Zhang Liqin cligna des yeux, quelque peu perplexe.
Les informations dont elle disposait étaient limitées, et elle ne saisissait pas bien le sens des paroles de Yang Jian.
« Laisse tomber, tu ne comprendrais pas même si je t'expliquais », dit Yang Jian.
À ce moment-là.
À l'extérieur du Jardin Guanjiang, les trois visiteurs non invités de la journée pénétrèrent enfin dans le complexe.
Deux hommes et une femme.
« N'aurait-il pas mieux valu chercher quelqu'un en plein jour ? Les gens dorment peut-être, la nuit ; n'est-ce pas un peu déplacé ? Après tout, c'est un homme qui a résolu un événement surnaturel de niveau S, il vaudrait mieux lui témoigner un peu de respect, tu ne crois pas, Luo Su Yi ? » dit un homme d'une trentaine d'années.
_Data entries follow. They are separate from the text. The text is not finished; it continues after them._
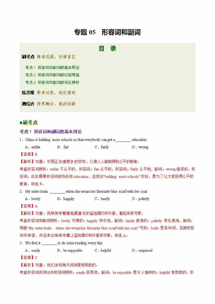 Part 1 核心语法精讲专题05 形容词和副词(培优专练)(全国通用)(解析版)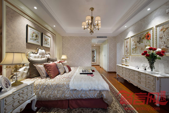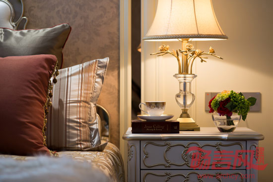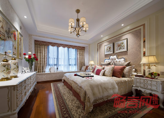 主卧空间,豪华大气,通透实用。融合了三个空间:更衣、睡眠、休息、看书、小坐。简约的欧式家具以硬朗的材质和明快的色调及雅致的配饰,赋予空间沉稳,典雅,轻松的神采。书房简单实用,但软装颇为丰富,各种象征主人爱好的陈设一应俱全,被翻卷边的古旧书籍、地标建筑摆设、一支古典的放大镜……即使是装饰品,这些东西也足以为书房的欧式风格加分。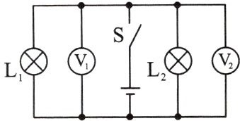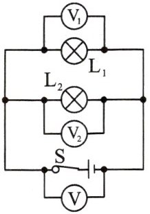 12. [科学推理]如图 1 所示的电路中,当开关闭合后$,V_1 $和$ V_2 $的示数分别如图 2 和图 3 所示。则小灯泡$ L_1 $两端的电压是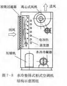 恒溫恒濕空調機組一般為立柜式,有項部設置側吹風口直接往室內送風的直吹型,也有結構類似圖7-8通過頂部出風口送風的風管型。前者機組容量一般較小,可直接置于空調房間內使用。恒溫世濕空調機組的外形與立柜式冷風機組相差不大,有的廠家生產的這兩種產品為同一個機組構架,僅內部織成的部件有所不同。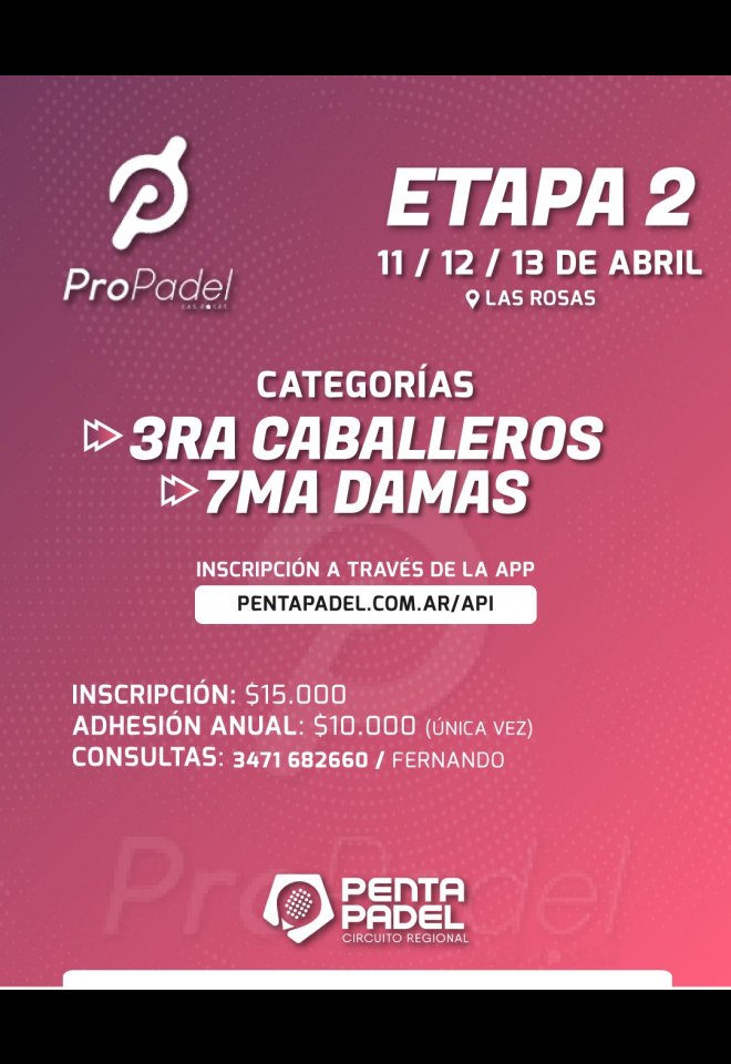 »» Evento: 7MA DAM - 3RA CAB / 10-11-12-13 ABRIL / PRO PADEL / ETAPA 2 »» Localidad: Las Rosas »» Fechas: 10/04/2025 al 13/04/2025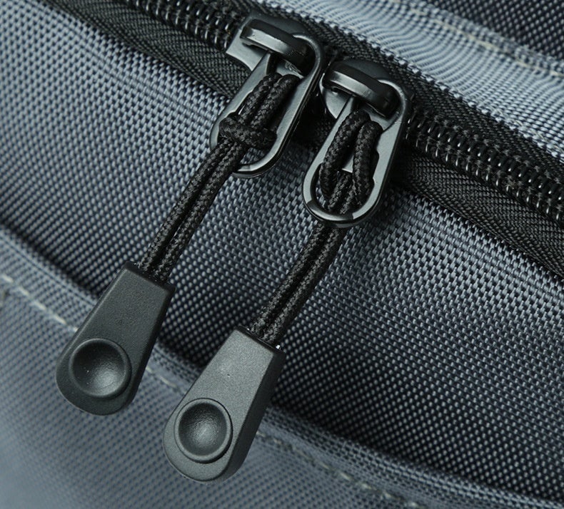 高品質の樹脂ファスナーに、ロング編み込みストラップを組み合わせています。

À en juger par la situation, le jeune homme grand et plutôt beau était le meneur.
Luo Su Yi eut un léger rire. « Quand on joue au fantôme, il faut en avoir le style ; apparaître en plein jour, c'est tellement ennuyeux. »
« Et puis, saluer quelqu'un en plein jour, c'est trop ostentatoire ; mieux vaut rester discret. En ce moment, la ville de Dachang a rassemblé au moins une vingtaine de cavaliers fantômes de tout premier plan, et même le capitaine des forces spéciales Li Jun est venu. Ménageons-leur la face. »
« Mademoiselle Lin Luomei, cela vous ennuierait-il de l'appeler ? » dit Luo Su Yi à la femme d'une vingtaine d'années, vêtue d'une robe, qui avait un air plutôt mignon.
Sans refuser, Lin Luomei sortit un porte-voix et lança un appel à travers tout le complexe : Yang Jian~ ! Yang Jian l'Œil-Fantôme, sors de là.
Sa voix avait quelque chose d'étrangement inquiétant : elle ne se propageait pas directement, mais avançait en cherchant, comme un esprit, d'une manière irrégulière.
Comme si la voix avait sa propre façon de chercher les gens.
Chaque appel envoyait la voix d'elle-même, et au bout de six appels, Lin Luomei s'arrêta.
« Ce complexe est immense ; avec seulement six appels, combien de temps faudra-t-il pour le trouver ? » dit Luo Su Yi.
« Pourquoi n'appelles-tu pas, toi ? » La bouche de Lin Luomei était fermée, mais le porte-voix émit un son.
Luo Su Yi dit : « Je chante très bien, j'ai même gagné un prix à l'école primaire, mais les appels, ce n'est pas mon fort, je ne pourrai certainement pas égaler ceux de Yang Jian. »
« Et si par accident nous faisions mourir quelqu'un à force de crier, on ferait quoi ? » dit l'homme à côté d'eux.
« Cela ne devrait pas être si facile d'en mourir ; après tout, il a bien résolu un événement surnaturel de niveau S », murmura Luo Su Yi.
La voix poursuivit sa progression, errant dans le Jardin Guanjiang, passant devant la guérite de sécurité du complexe, sans que les vigiles à l'intérieur ne semblent rien entendre du tout.
Peu après, la voix franchit le portail et entra dans une maison.
« Yang Jian, Yang Jian l'Œil-Fantôme... »
La voix flotta au premier étage ; chose étrange, au deuxième étage, il n'y avait absolument aucun son.
Ensuite, la voix monta et erra au deuxième étage, mais de la même manière, aucun son ne pouvait être entendu ni au troisième ni au premier étage.